Stored items
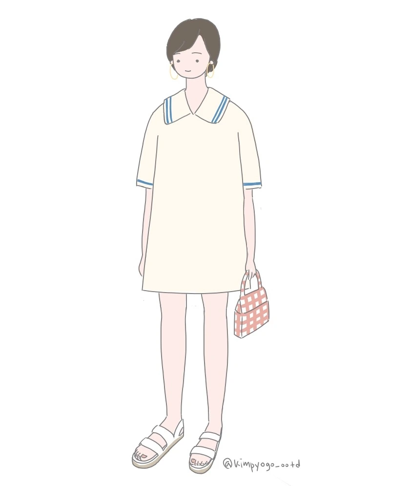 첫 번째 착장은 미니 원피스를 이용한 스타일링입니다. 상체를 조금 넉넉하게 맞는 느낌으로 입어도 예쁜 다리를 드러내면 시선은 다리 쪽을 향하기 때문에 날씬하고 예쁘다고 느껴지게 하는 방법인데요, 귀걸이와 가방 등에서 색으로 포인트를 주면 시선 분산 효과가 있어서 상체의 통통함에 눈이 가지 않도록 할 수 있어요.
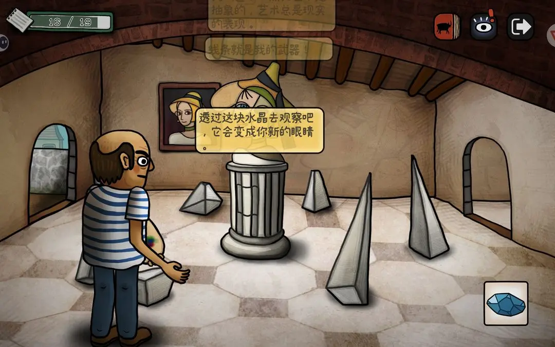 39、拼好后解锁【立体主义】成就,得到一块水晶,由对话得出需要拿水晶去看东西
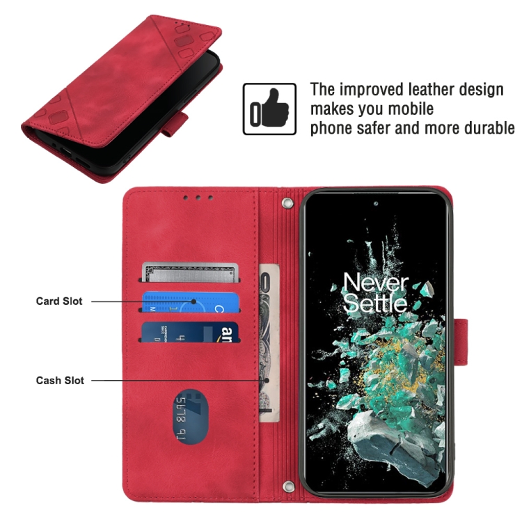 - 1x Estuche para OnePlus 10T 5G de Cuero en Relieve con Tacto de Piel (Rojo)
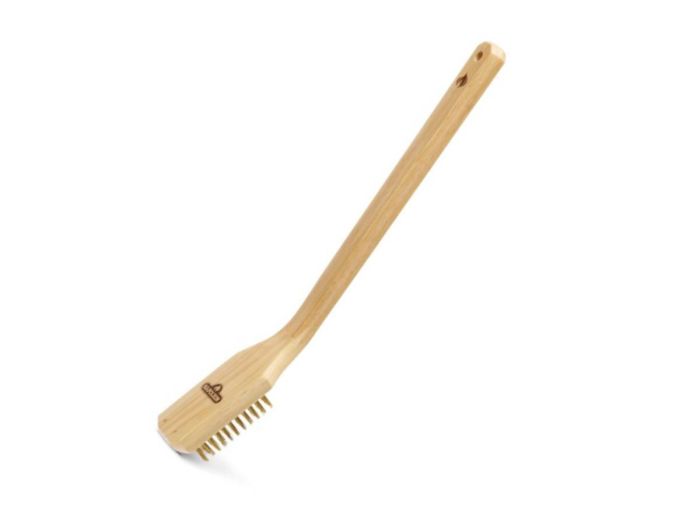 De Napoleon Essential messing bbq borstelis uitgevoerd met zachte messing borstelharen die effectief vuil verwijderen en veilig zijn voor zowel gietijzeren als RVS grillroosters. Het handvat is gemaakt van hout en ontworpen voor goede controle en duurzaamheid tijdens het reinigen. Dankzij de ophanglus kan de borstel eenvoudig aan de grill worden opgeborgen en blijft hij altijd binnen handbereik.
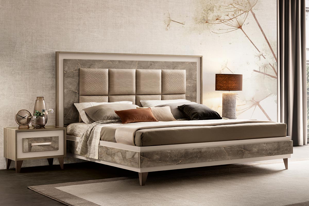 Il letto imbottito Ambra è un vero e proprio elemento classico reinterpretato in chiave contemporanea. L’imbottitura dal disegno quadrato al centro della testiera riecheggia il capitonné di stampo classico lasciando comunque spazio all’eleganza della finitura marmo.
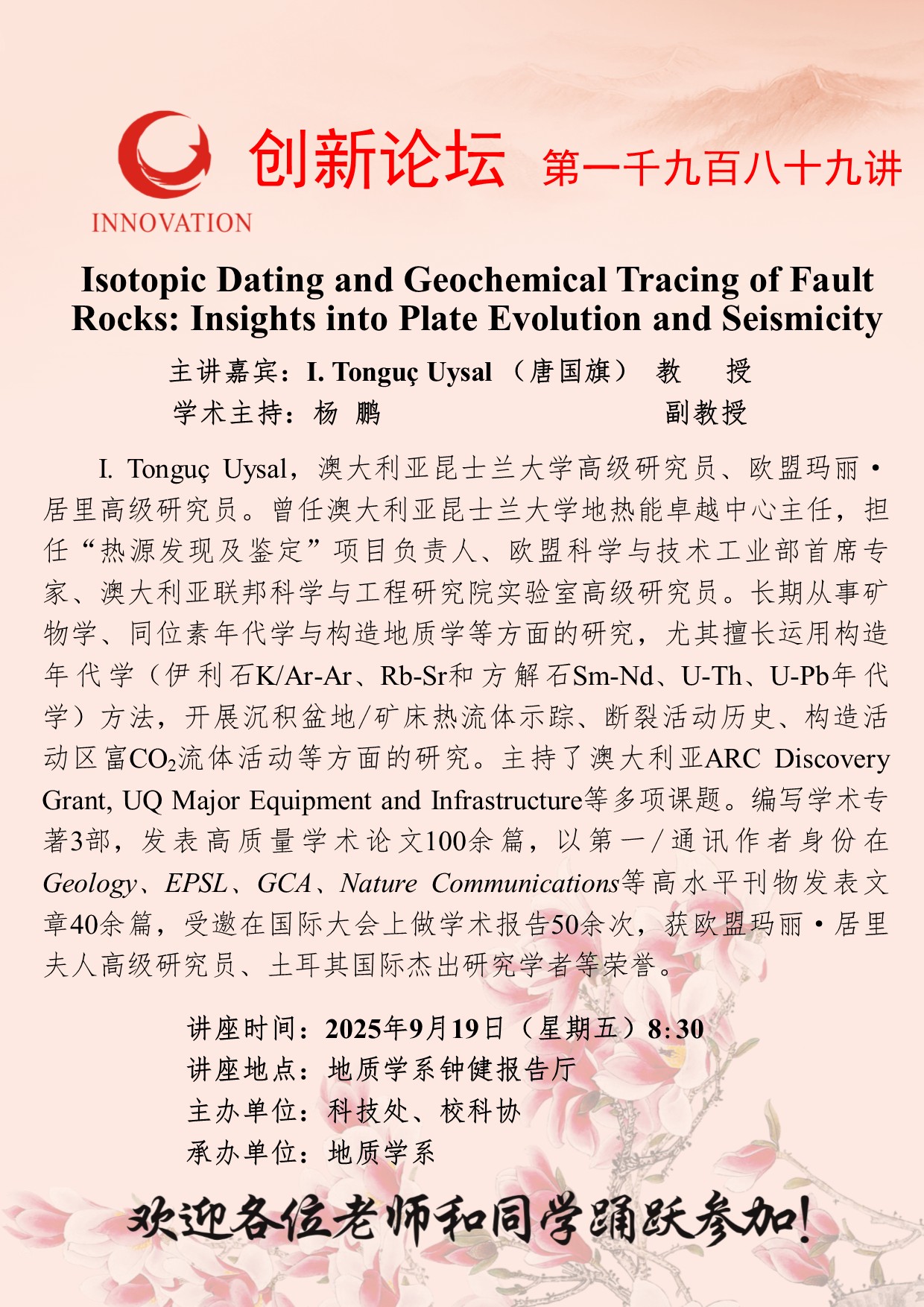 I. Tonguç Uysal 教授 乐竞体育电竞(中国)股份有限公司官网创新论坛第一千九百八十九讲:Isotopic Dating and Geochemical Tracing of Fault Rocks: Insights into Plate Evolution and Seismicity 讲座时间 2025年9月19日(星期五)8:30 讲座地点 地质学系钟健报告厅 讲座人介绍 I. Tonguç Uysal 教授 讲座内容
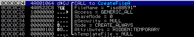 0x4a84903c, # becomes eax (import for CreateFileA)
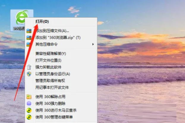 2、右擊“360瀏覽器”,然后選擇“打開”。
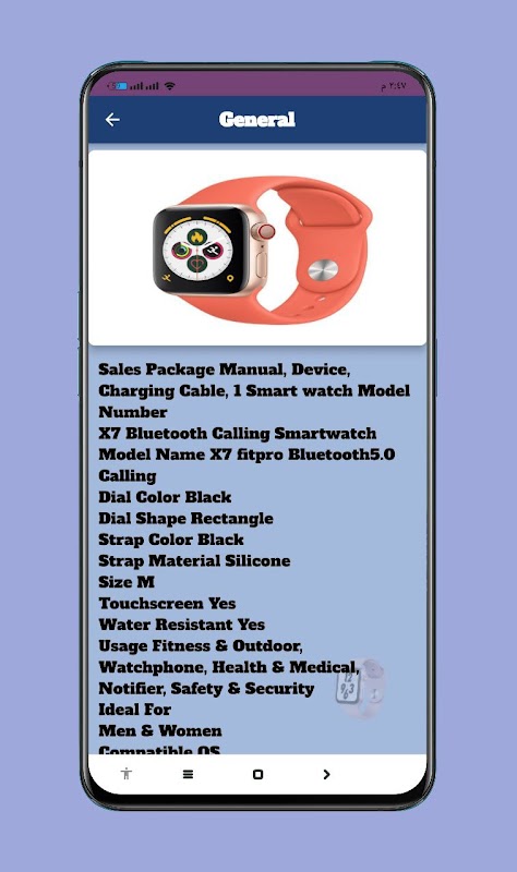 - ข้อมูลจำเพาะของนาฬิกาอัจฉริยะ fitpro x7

§ Exercise prompt
Retype only the lines from the one with "I. Tonguç Uysal 教授 乐竞体育电竞(中国)股份有限公司官网创新论坛第一千九百八十九讲:Isotopic" through the final line of the entries, please, and keep the pictures out.

§ Response for this exercise
 I. Tonguç Uysal 教授 乐竞体育电竞(中国)股份有限公司官网创新论坛第一千九百八十九讲:Isotopic Dating and Geochemical Tracing of Fault Rocks: Insights into Plate Evolution and Seismicity 讲座时间 2025年9月19日(星期五)8:30 讲座地点 地质学系钟健报告厅 讲座人介绍 I. Tonguç Uysal 教授 讲座内容
 0x4a84903c, # becomes eax (import for CreateFileA)
 2、右擊“360瀏覽器”,然后選擇“打開”。
 - ข้อมูลจำเพาะของนาฬิกาอัจฉริยะ fitpro x7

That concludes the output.